South Korea urges Australian LNG producers to act

Jan 25, 1997 01:00 AM

South Korea is looking to reduce its reliance on oil as its main energy source in favour of alternative fuel sources, particularly natural gas. Ho-Kyong Kim, general secretary of the Korea Gas Union, said Australian LNG producers had to date shown little interest in supplying the South Korean market. He warned that Australia could be left out in the cold by its competitors. "In my opinion, it is high time that Australia hurried to propel the LNG production and sales contracts with Korea more positively, given the certain gas demand of Korea,'' Kim told delegates at an oil and gas conference. "If Korea, which is searching for other LNG resources, commits contracts with other countries, in my estimations there will be no room for Australia to penetrate into the Korean market for the future,'' Kim said. Kim said South Korea was particularly dependent on LNG, because it has no gas reserves itself, and the division of the Korean peninsula effectively makes the country an island.

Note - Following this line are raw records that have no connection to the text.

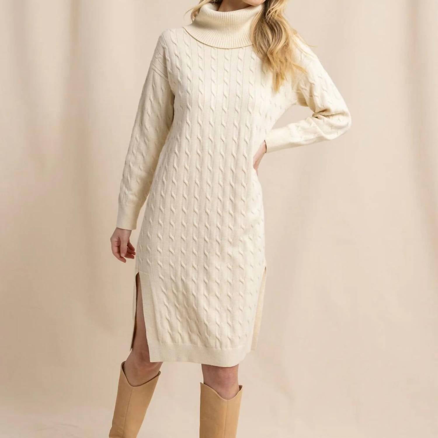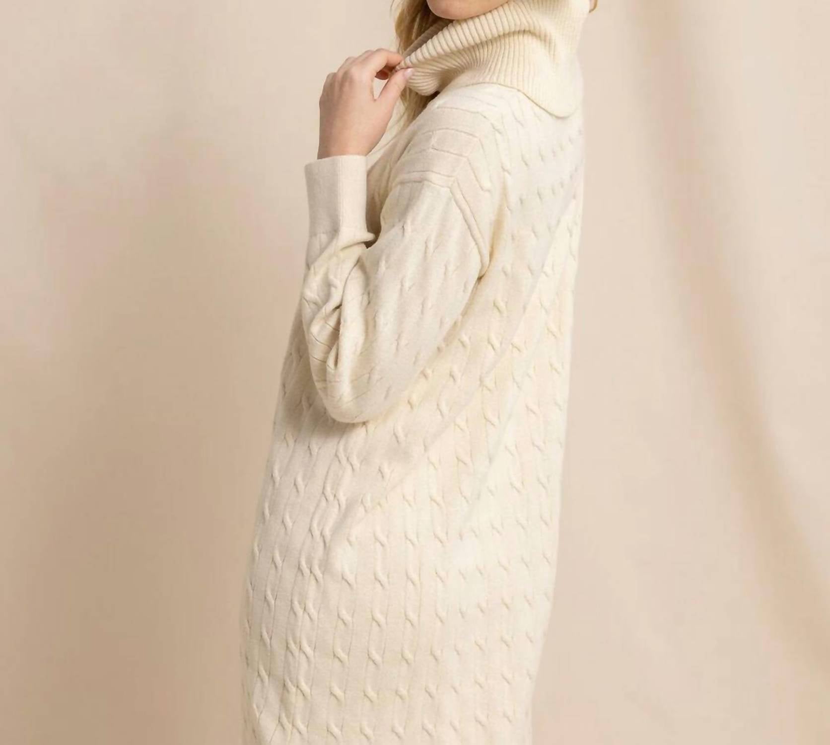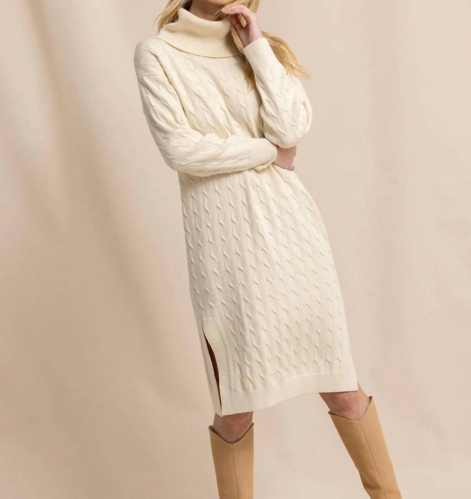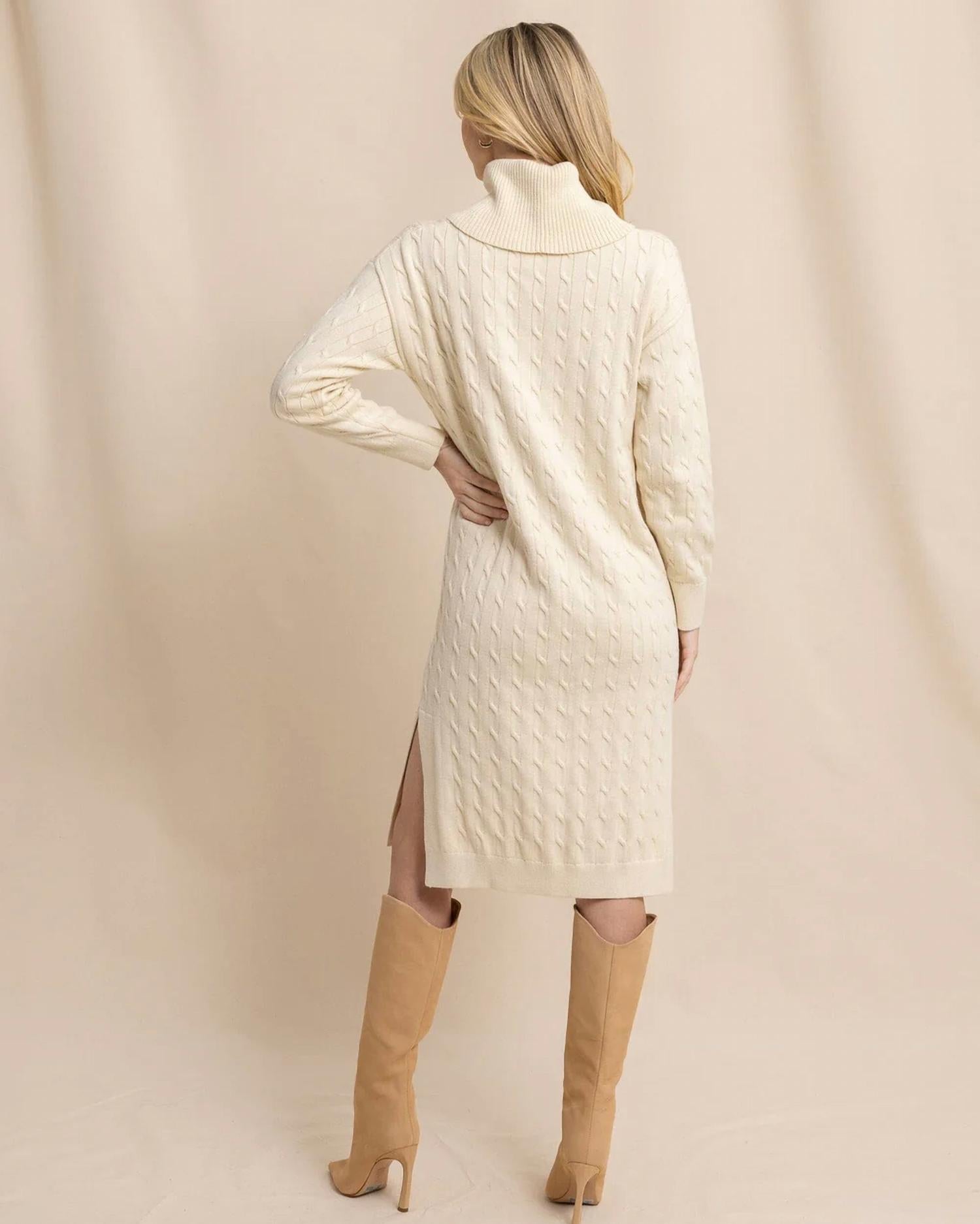 The pefect long sleeve dress for those cooler months. The Brea Sweater Dress by Southern Tide is an effortlessly chic choice for chilly days. With its long sleeves and relaxed turtleneck, this midi-length dress in Sand White offers both sophistication and comfort. Crafted from a luxurious blend of 95% cotton and 5% cashmere, it features a drop shoulder, ribbed hem and cuffs, and side slits for added style. Measuring 40.5 inches in length, this pull-on sheath silhouette makes a polished statement in your wardrobe.
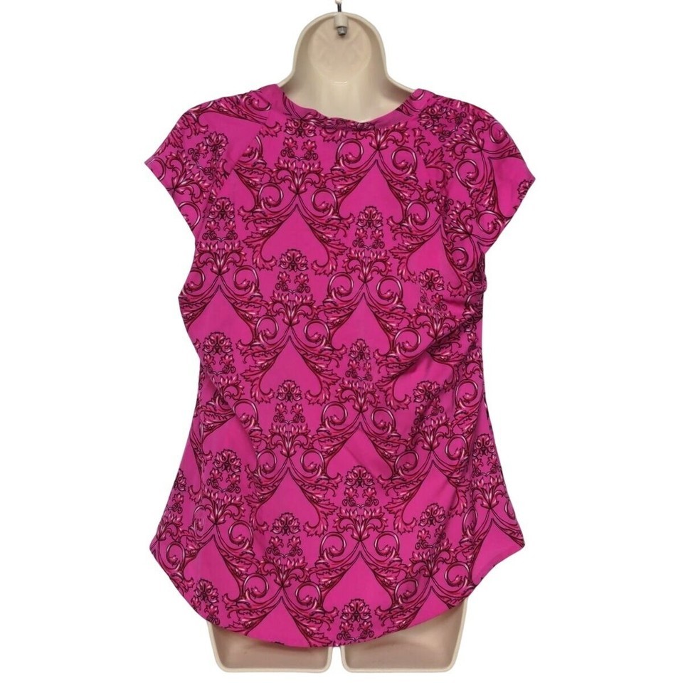 Worthington Women's Blouse Top Size Medium Geometric Pink Short Sleeve Casual
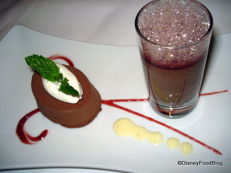 Alas, my original dessert, the Truffle Cake, was not as much of a winner as I’d hoped. The milk chocolate sauce was interesting and I liked the presentation, but there wasn’t as much of a wow factor there.
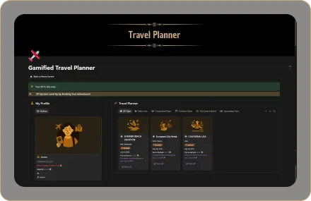 Organize trips, track bookings, and create itineraries all while earning XP for every adventure inside Optimus X.
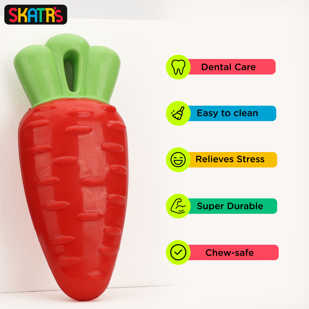 Introducing the SKATRS Rubber Squeezy Carrot Toy for Dogs, a durable and versatile toy for interactive playtime with your pets. This toy is made from tough and chew-resistant rubber, making it suitable for pets of all sizes.
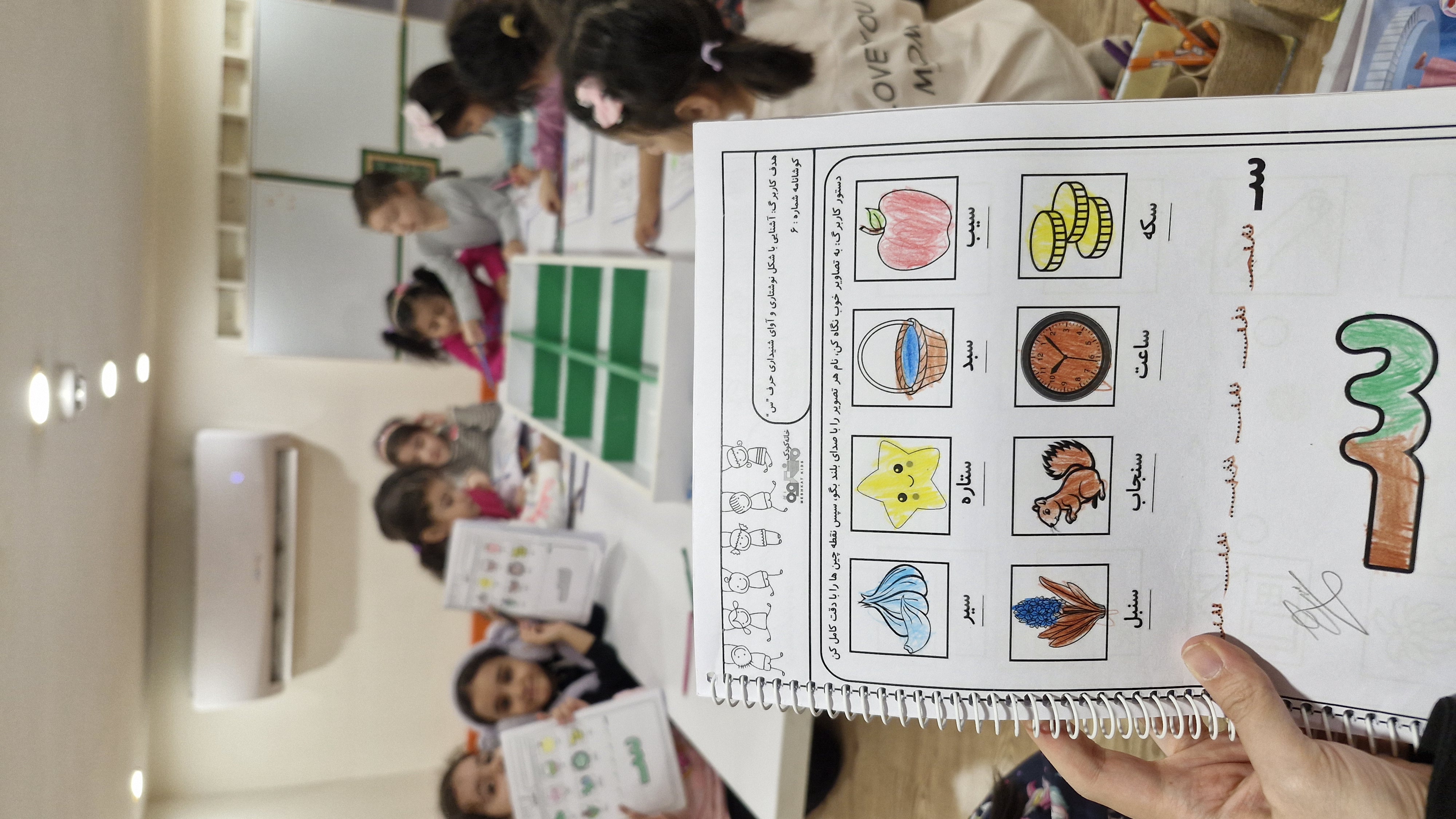 🌸 کلاس آواورزی حرف س را یاد گرفتیم و مثال هایی مثل سلمان و سارا و ستاره⭐و سوسک و...زدیم بعد کاربرگش رو حل کردیم و بعد مار شدیم و صدای مار رو در آوردیم 🐍

South Korea's primary energy consumption is forecast to grow to 287.5 million tons of oil equivalent by 2010, from 150.4 million tons in 1995. Under South Korea's long-term energy supply plans, Kim said the country's reliance on oil as a proportion of primary energy demand is expected to fall to 51 % by 2005, from 62.5 % currently. LNG demand, meanwhile, is expected to grow during the period to account for 12 % of total demand, from 6.1 % in 1995. However, Kim believes South Korean gas demand would grow more quickly than anticipated. He noted that gas demand has been growing faster than forecast, at 25 % a year between 1991 and 1995. Current forecasts suggest South Korea's annual LNG demand will rise to 28.6 million tons by 2010, from 17.8 million tons in 1996. Kim, however, expects demand will be closer to 35 million tons by that year. He said a nation-wide "gas loop pipeline" is scheduled to be completed by 1998, with a branch network established by 2000. "Extension of this natural gas pipeline will accelerate natural gas consumption in the major cities," he said.
Australia currently has only one LNG project, the North West Shelf joint venture offshore Western Australia. Australia's BHP and US Phillips Petroleum are negotiating to develop an LNG operation in the Timor Sea. Meanwhile, another joint venture including Mobil, Chevron, Texaco, and Shell is planning an LNG development also offshore Western Australian, and possibly in co-operation with the North West Shelf project. The North West Shelf participants include BHP, Chevron, Shell, British Petroleum, and a Japanese consortium including Mitsui and Mitsubishi.